We are facing Intermittent Connection Refused Error occurring 3-4 times in a day. Customer makes web service calls to an API Gateway (Policy Enforcement Point) Server which forwards call to a webMethods Integration Server via a Load Balancer. Client sends a scheduled SOAP over HTTPS web service call every 5 minutes to keep systems monitored. This is in parallel to actual transactions which takes place by actual consumers of Customer.

API Gateway is running on Linux and webMethods Integration Server is running on Windows Server 2012 R2.
Rarely we see API Gateway gets Connection Refused error when request comes to API Gateway which tries to invoke a web service at Integration Server (webMethods IS 9.9). We don’t know why this is happening as Integration Servers are up with no performance/resource issue. We cannot see anything in Integration Server logs either.

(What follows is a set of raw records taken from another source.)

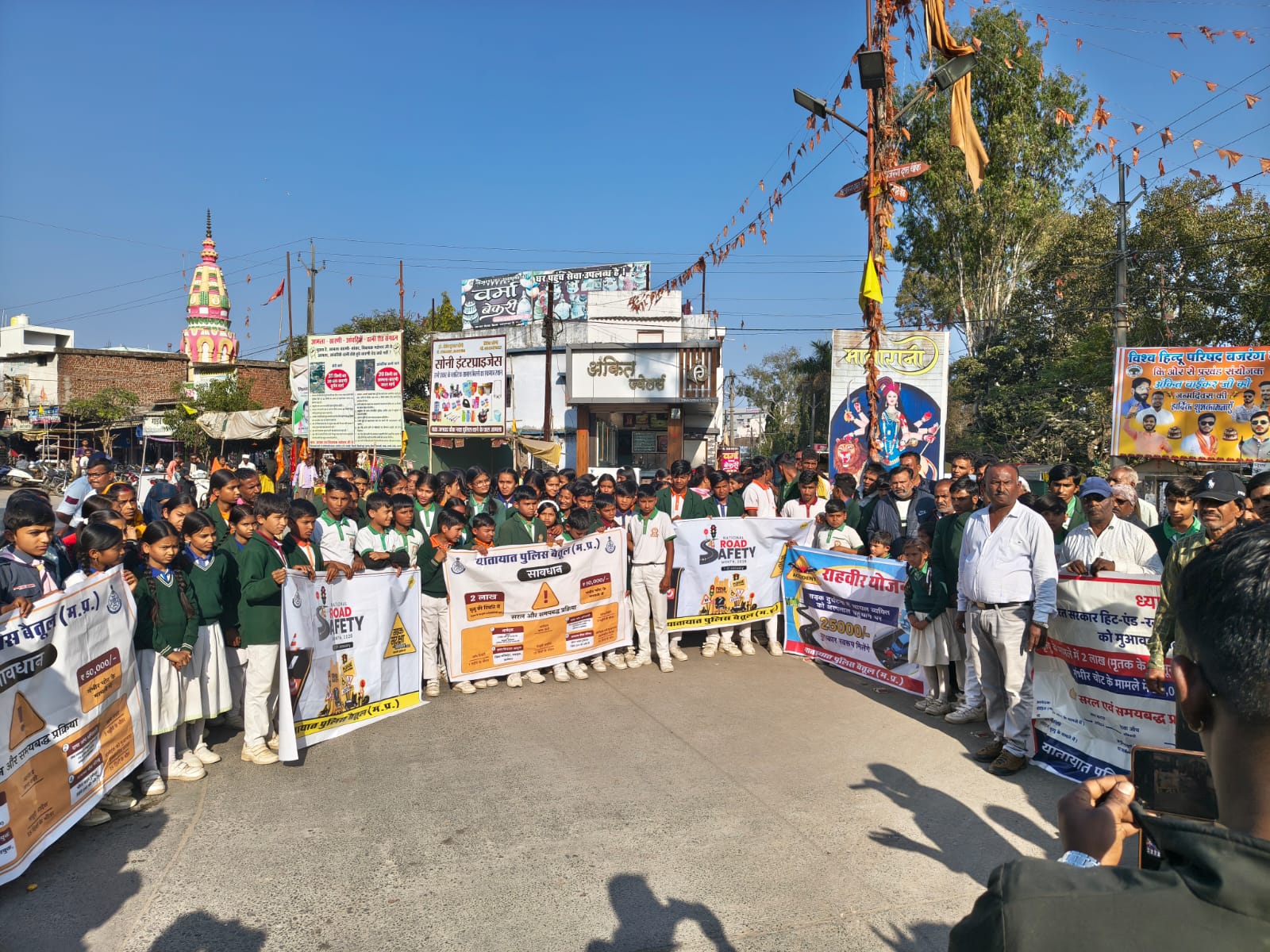 🔹 पुलिस अधीक्षक बैतूल श्री वीरेंद्र जैन के निर्देशानुसार सड़क सुरक्षा सप्ताह के अंतर्गत यातायात जागरूकता एवं रोड सेफ्टी अभियान के तहत यातायात पुलिस बैतूल, ट्रैफिक वार्डन एवं थाना आमला पुलिस द्वारा व्यापारी संघ आमला, आमला के जनप्रतिनिधिगण तथा नगरपालिका अध्यक्ष एवं सदस्यों के सहयोग से जनपद चौक आमला एवं पुराने थाने के सामने सड़क दुर्घटनाओं से बचाव एवं जन-जागरूकता हेतु नुक्कड़ नाटक का आयोजन किया गया।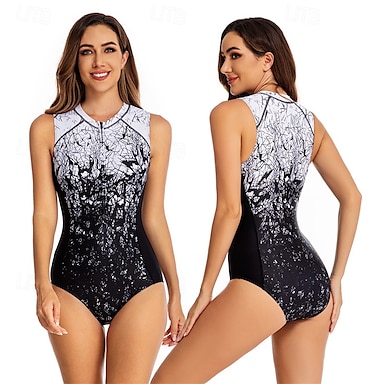 Per donna Top sottomuta Costume Intero Stampato Cerniera Frontale Spandex Protezione Solare UV UPF50+ Asciugatura Rapida Senza Maniche Body costume da bagno Surf Spiaggia Sport Acquatici Estate
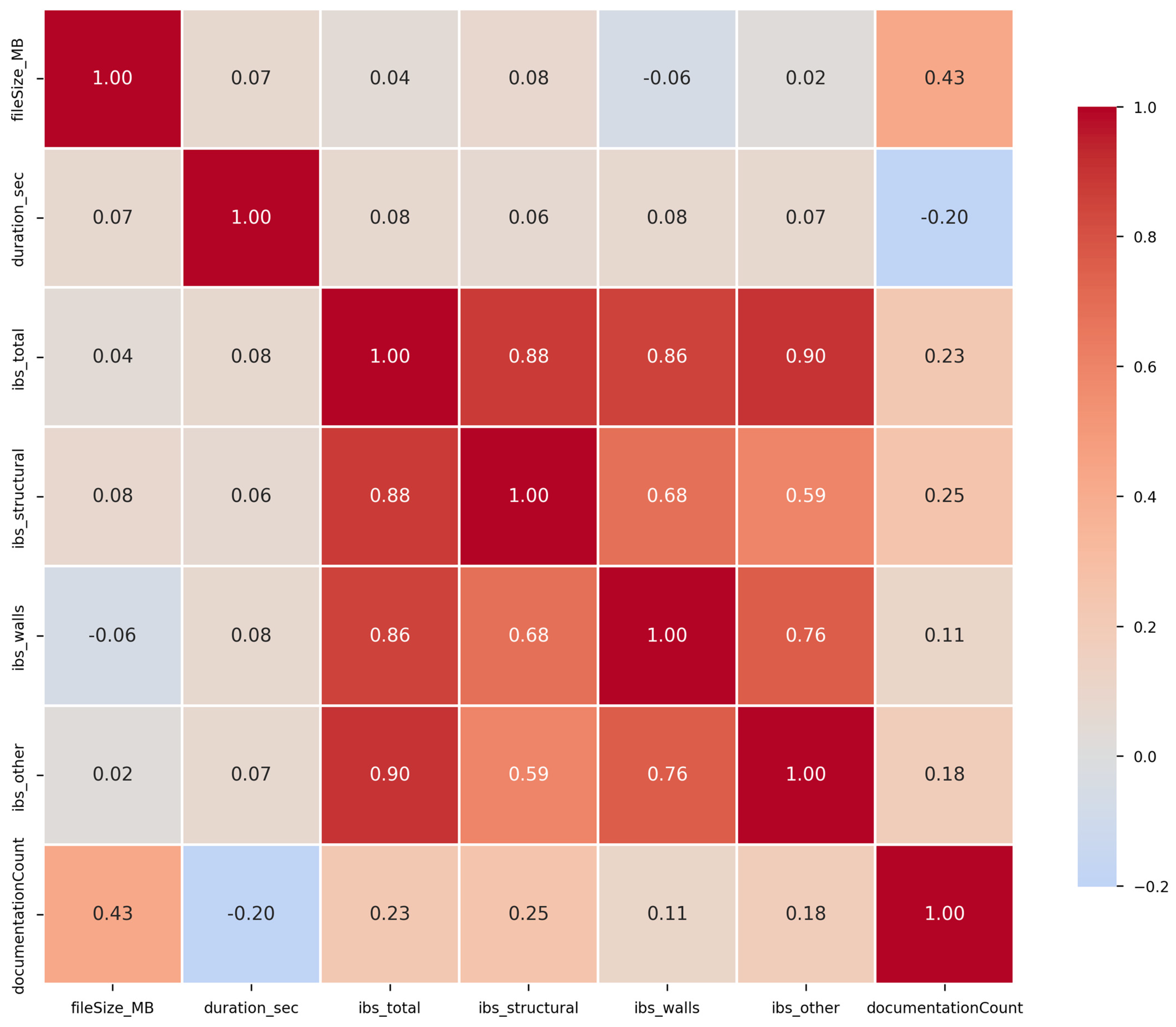 Figure 7, revealed several noteworthy relationships among measured variables. File size exhibited a weak positive correlation with processing duration (r = 0.42) and a negligible correlation with IBS scores, confirming the independence of industrialization assessment from model complexity. The three scoring components (structural, walls, and other) demonstrated minimal intercorrelation, validating the CIS 18:2023 methodology’s treatment of these categories as independent assessment dimensions. Documentation attachment count showed negligible correlation with any outcome variable (|r| < 0.10), suggesting that supplementary PDF documentation influenced scoring through content-based mechanisms rather than mere presence/absence effects. Processing duration correlated weakly with structural scores (r = 0.18) and wall scores (r = 0.15), potentially reflecting increased AI reasoning complexity when evaluating industrialized construction systems requiring interpretation of multiple IBS factor tables and additional factor calculations.

Firewall person says, it can’t be firewall issue as all traffic is either blocked or allowed from one source and one target IP.

Network person says, it must be application server who is sending RESET to these requests. Load Balancer can’t send any RESET on its own but Application Server only.

We have 2 Integration Servers (not clustered) running behind Load Balancer VIP which is invoke by an API Gateway having multiple hosts in cluster. We’ve seen each of API Gateway hosts has Connection Refused failures and each of hosts are getting successful transactions as well.

At Integration Server, we have 1000 threads allocated to each of 2 servers and server health has no issue at all. This issue is happening in each environment (QA/Staging/Production). Another noticeable behavior is that customer has performed several days of load testing and there is not a single Connection Refused failure during load testing.

We did setup Wireshark captures at Integration Server and we can see heart beats from Load Balancer continuously coming to each of 2 hosts. Transaction may failed at any point but another transaction coming within seconds may get successful response. At Wireshark capture sometime we see:

  1. Just 1 packet with RESET entry from source (API Gateway) server but we can’t correlate if that is the same transaction for Connection Refused.

  2. Once we saw that Integration Server received SYN packet and returned RESET instead of SYN-ACK. We are not sure why this happened but except 1-2 instances where we saw some activity in Wireshark, we don’t see anything in Wiresahark for the timestamp when API Gateway got Connection Refused Error.

Is there a setting at Integration Server which can help us to log all hits to the port, specially any connection refused event? We even tried to look at Windows Event Viewer but do not see any exception there.